There will be opposition to reparations, Dr. Winbush surmised, “because white people do not want to examine honestly their past.” He added: “We need to keep our eyes on the prize. And the prize is reparations.”

Thursday, May 18, 2023

‘Council of Elders’ Convened to Set the Record Straight About History

 

Council of Elders (clockwise from left): Andrew “Rome” Withers, 
James “Deke” Pope, Charles Todd, Ramon Ferguson Jr., Dr. Coby 
Smith, Willie L. “Hank” Henry Jr., Calvin Taylor, and Jibril
Shabazz. (Photo by Wiley Henry) 

MEMPHIS, TN – After a clarion was sounded for a select group of Black men to coalesce around the idea of learning and preserving the rich history of their community, 10 answered the call.

The group met May 9 at the Sugar Hill Museum, a small building on Walker Avenue housing a photographic collection of Black history-makers from eras past and present, courtesy of the museum’s proprietor, Charles Todd. 

It came as no surprise that four former members of The Invaders, a 1960s Black power group, were present, including a fifth Invader, who identified himself as one of the “Sons of The Invaders.”

Ramon Ferguson Jr. came seeking guidance and wisdom from “the elders.” Since this was an informal meeting, Willie L. “Hank” Henry Jr., who convened the group, suggested calling the group a “Council of Elders.”

Henry, Dr. Coby Smith, Calvin Taylor and Jibril Shabazz were delighted that the “young brother,” representing the new-era Invaders, would seek their counsel and follow in their footsteps.

Now in their seventies, the original Invaders recalled their place in history when they sacrificed their lives during the civil rights movement when racial conflict rose to a crescendo. 

In fact, each person at the meeting had either protested, marched, demonstrated or fought for justice in their own way including James “Deke” Pope, Andrew “Rome” Withers and Clarence Christian. They, too, were present. 
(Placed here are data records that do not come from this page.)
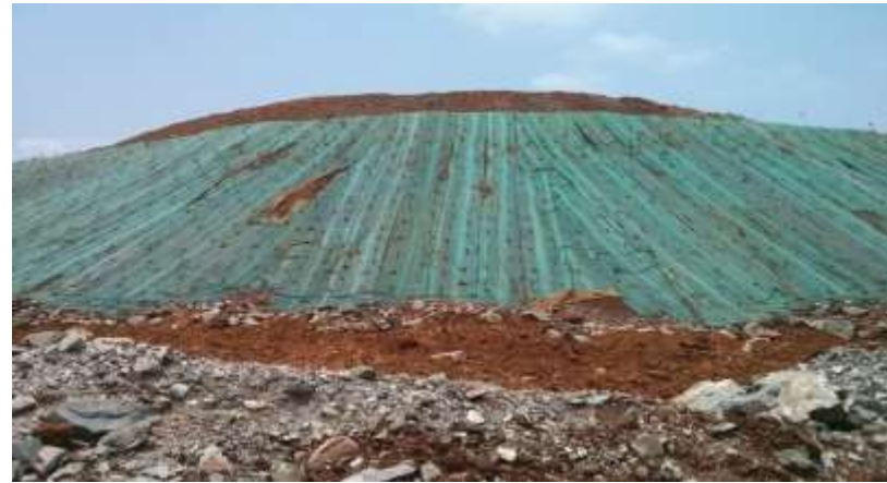
Coir matting over dump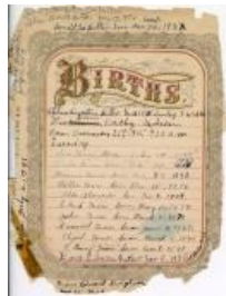
Births and Marriages page from the Butler Family Bible (2023.48.26)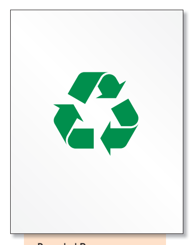
Recycled Paper The MFX-C3035 delivers exceptional output results when using recycled papers featuring 30%, 50% and 100% post consumer recycled content.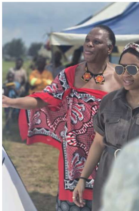
▲ The project will take 18 months to complete.

"We are moving with urgency because the country needs reliable, affordable electricity. This solar plant will add much-needed capacity to support factories, hospitals,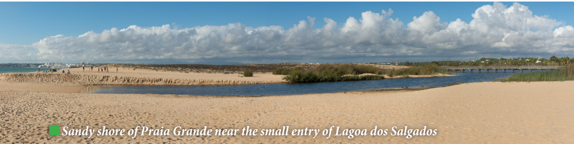
■ Sandy shore of Praia Grande near the small entry of Lagoa dos Salgados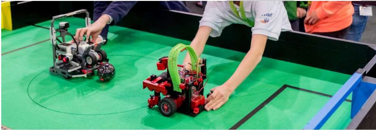
Figure 1 Two teams with one LWL robot each will compete using an IR ball on RCJ Soccer fields without the out-area. There is no need for using camera vision or line detection.

But it was Henry who sounded the alarm that something needs to be done about the plight of African Americans – young people included – whose knowledge of their own history is miniscule.

Take for example the corner of Mississippi Boulevard and Walker Avenue. Once known as “the Curve,” it is where the museum is located, on Walker Avenue, just east of the historic Four Way Restaurant, where Dr. Martin Luther King Jr. once dined.
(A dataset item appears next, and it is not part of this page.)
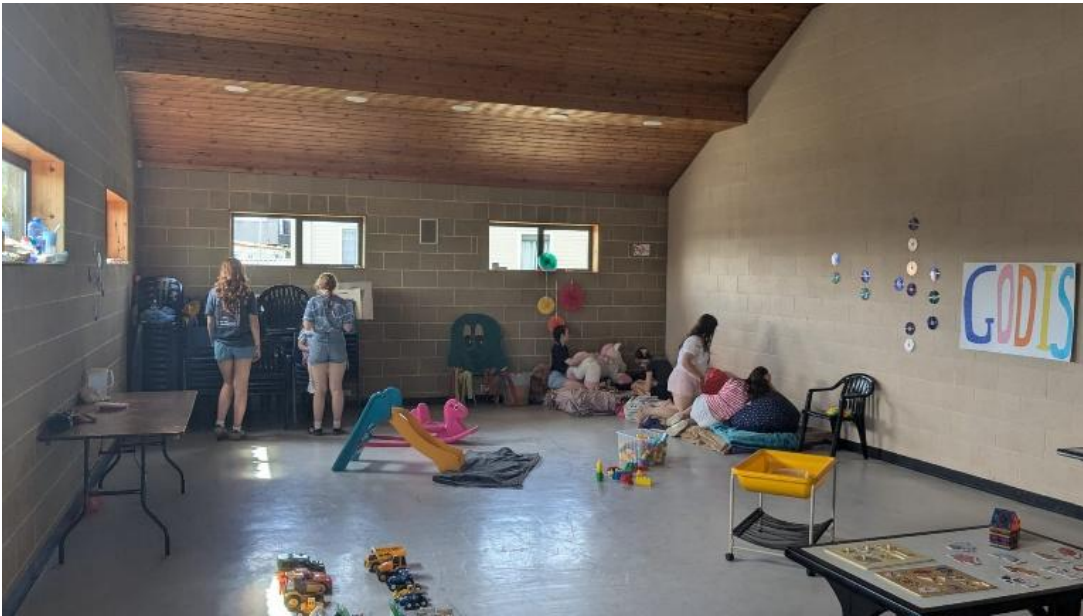
Left: The hall where the Special Educational Needs section meet. This is the second year the SEN section (Jellyfish) has been able to meet as part of CSSM. Children can sing songs, make crafts and enjoy sensory play during the session.

On the southeast corner of the Curve stood the People’s Grocery, a once bustling establishment that was owned by Thomas Moss, a Black man, who ran afoul of a white business owner in the area. 

Feeling economically threatened by Moss’s entrepreneurial prowess, the white man took matters into his own hands and a melee ensued. Moss, William Stewart and Calvin McDowell – both clerks at the grocery – were eventually lynched and mutilated by a white mob in 1892.
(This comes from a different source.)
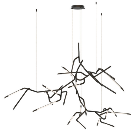
Shown in black / frost

PRODUCT DIMENSIONS . . . . . Cable: 120" LAMP LIFE . . . . . 30000 hours COLOR RENDERING . . . . . 90 CRI LAMP COLOR . . . . . 3000K LUMENS/WATT . . . . . 777.78 LUMINOUS FLUX . . . . . 3500 lumens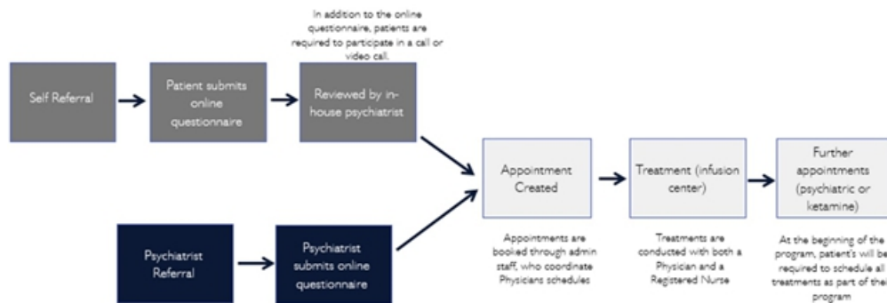
Figure: Pasitheia will operate under Zen Healthcare regulatory and will have no independent employees as a starting point but will hold its own indemnity and public liability in addition to the ones already present by Zen Healthcare and contractors. Future Pasitheia clinics will have a standalone registration with regulatory. The care quality commission, which regulates provision of treatments, will initially be under Purecare LTD (Zen Healthcare). In the future Pasitheia anticipates applying for a separate CQC registration once it has its own employees (e.g., doctors and nurses). Once this occurs, customer service agents will be employed / contracted by Pasitheia UK. Psychiatrists who conduct the psychiatric evaluation will be contracted by Pasitheia UK GP's (MD) and nurses who will be conducting the infusions will be employed by Zen Healthcare, who are contracted by Pasitheia.

Specifically, in the UK, our operation processes are as follows:

A historical marker was erected for posterity where the People’s Grocery once stood and to call attention to the lynching of Moss, Stewart, and McDowell. The marker was temporarily removed in 2020 to correct a misspelled word. 

I want people to know the history of the Curve. I don’t want children growing up with lies,” said Henry, a minister and noted counselor, expressing his disdain for inaccuracies, book banning, and “denying people information”

“It hurts history,” added Smith, a founding member of The Invaders and a retired educational administrator and professor.

Pope, a retiree, interjected a comment. “It hurts this man’s business (referring to Todd’s museum).” Though Todd has limited resources, he finds a way to chronicle African American history.

Withers, a photographer and the last surviving son of the late internationally known photojournalist Ernest C. Withers, said, “We need to set the record straight about history.” 

This was a call to action essentially and the purpose of the meeting.

“We got so much to do,” Smith said.

Shabazz, who retired from the U.S. Air Force, was impressed with Ferguson. “I’d like to see the young Invaders go into the community and try to recruit,” he said, “and to galvanize our young brothers to try to get some order.” 

He doesn’t subscribe to “foolishness,” though.

Neither does Henry, who suggested parameters for the next meeting. “There are no Big ‘I’s and little ‘U’s,” he shared with the group.

Pope said the meeting was a good start.